A CLEAN WELL LIGHTED PLACE

"Rangers Lead the Way," we won that motto on bloody Omaha Beach and that is the phrase that describes us best. I'd been with the Rakkasans prior to Ranger School. But, when I got out I was offered a post with the 75th Ranger Regiment, which putatively traces its lineage back to Rogers' Rangers, of French and Indian fame. THEN, I spent an intense period of "quality" time in Paktia Province; working with the locals on both sides of the Afghan border. Pashtuns are a tough and merciless lot, which might explain why Afghanistan has been a speed-bump for every Western nation from the Macedonians, to the British, to the Russians, to us.
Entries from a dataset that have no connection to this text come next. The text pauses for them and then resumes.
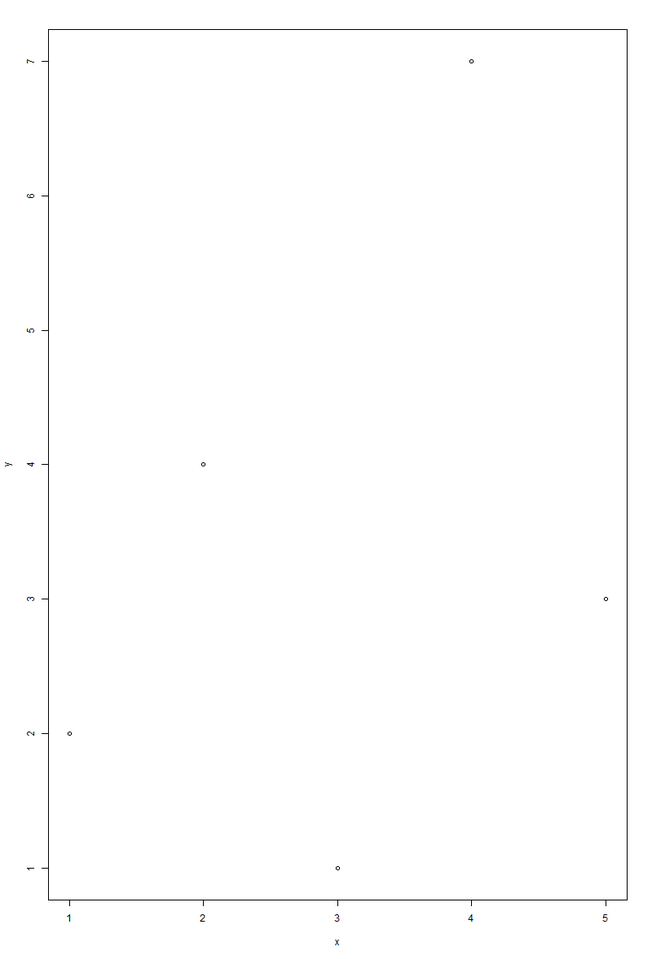plot(x, y, ...)RI följande exempel plottar vi värdena från vektorerna x och y på ett punktdiagram. Funktionen plot() använder standardvärden för diagramtyp, färger och axeletiketter eftersom dessa argument har lämnats tomma.
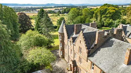 - Distant views over the River Tay and Fife hills.
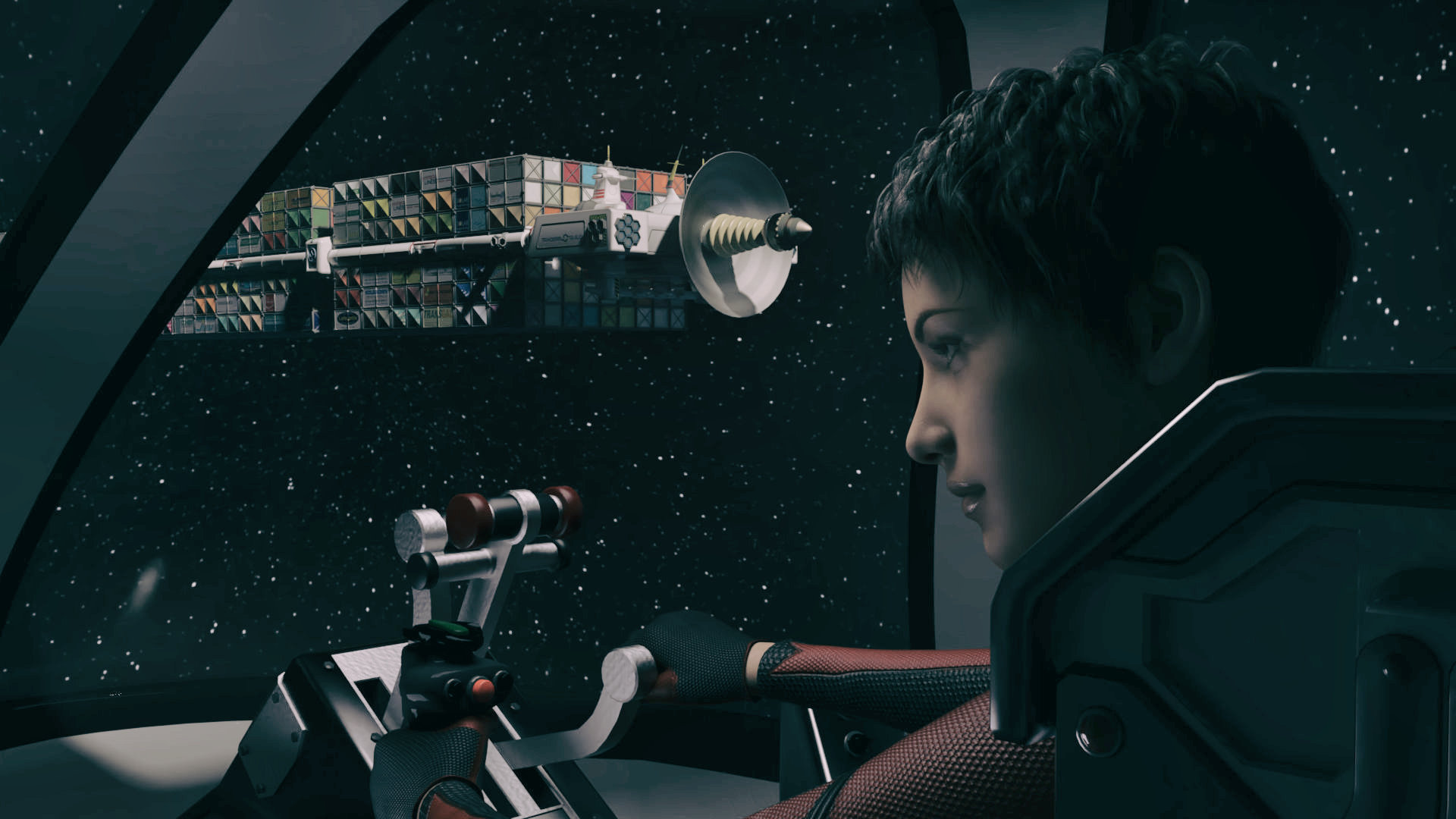 Es war eine richtige Herausforderung mit dem Licht und auch um ihr Gesicht zusammen mit das Containership darauf zu kriegen. Sie schaut jetzt auf einen Monitor und nicht zum Containership hinüber.
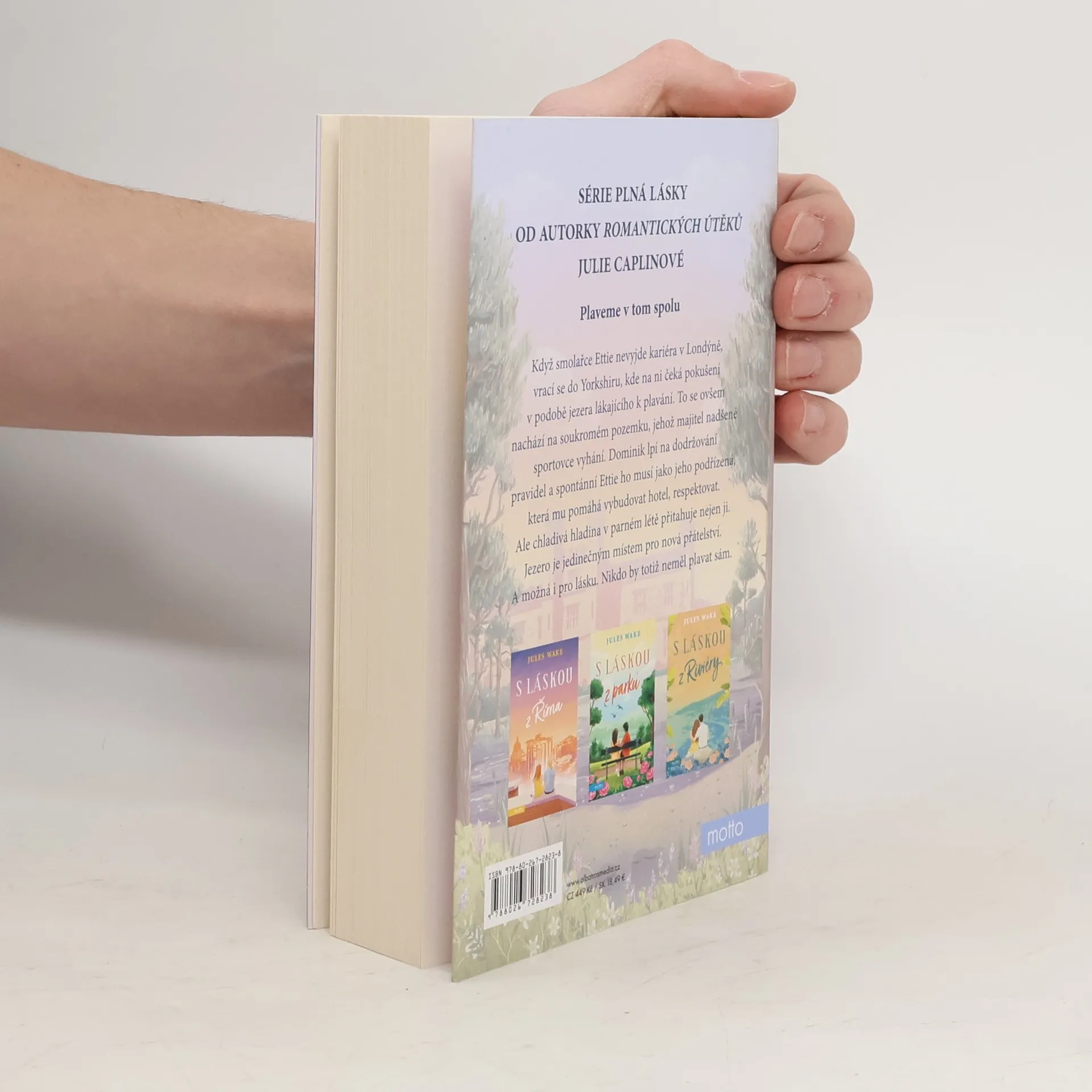 Román o lásce nejen k plavání od autorky známé jako Julie Caplinová Jules Wake, známá také jako Julie Caplinová, tentokrát vypráví o lásce, která nedbá varování, a především o plavání a jeho blahodárných účincích na tělo i mysl. Když smolařce Ettie nevyjde kariéra v Londýně, vrací se do Yorkshiru, kde na ni čeká pokušení v podobě jezera ve zdánlivě opuštěném zámeckém parku. To se ovšem nachází na soukromém pozemku, jehož majitel nadšené sportovce vyhání. Dominik lpí na dodržování pravidel a spontánní Ettie ho musí jako jeho podřízená, která mu pomáhá vybudovat hotel, respektovat. Ale chladivá hladina v parném létě přitahuje nejen ji. Jezero je jedinečným místem pro nová přátelství. A možná i pro lásku. Nikdo by totiž neměl plavat sám.
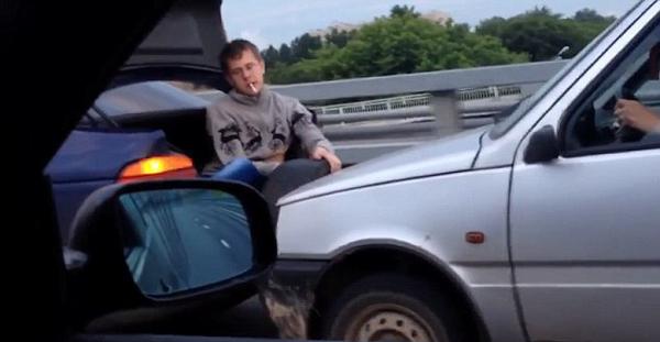 據(jù)英國《每日郵報(bào)》1月23日報(bào)道,近日,一則走紅網(wǎng)絡(luò)的視頻顯示,在俄羅斯一條車來車往的馬路上,一輛深藍(lán)色轎車在后方白色轎車和一名大膽乘客的助力下向前行駛。白色轎車通過抵住藍(lán)色轎車尾部來推動其向前行駛。前方轎車敞開的后備箱內(nèi)坐著一名男子,他的嘴里叼著香煙,神情沒有一絲懼怕;并且手握一只輪胎,以防撞擊時(shí)損壞車身。

Most guys stay for the full twenty, when they get their Ranger flash. But my mind was changed by one incident. It was a moonless night and we were manning a checkpoint on the Kabul-Gardez road. They don't use Ranger units for mundane things. But G2 had gotten the word that there was going to be a suicide bombing at the University in Gardez, and our squad was the only force available.

The darkness is absolute in the valleys of the Hindu Kush and you can get the impression that you're the last people on earth; sitting on a desolate stretch of road in that ancient and unforgiving land. Around midnight, we heard the grinding of something big approaching our position. So we turned on our tac-lights; just to warn whoever it was to stop. What we illuminated was a big cement truck and It was headed for us at a high rate of speed.

We flashed our tac-lights, nothing happened. We flashed them again, still no slowing down. At that point the vehicle was no more than 100 yards away. Everybody was aware that the mixer could be full of enough Semtex, or C-4, to blow us ALL to kingdom-come; and it wasn't stopping. So the Top told us to light it up. I emptied the 30-round box magazine of my SAW and I think I was the squad member who showed the MOST restraint. The juggernaut careening toward us was THAT intimidating.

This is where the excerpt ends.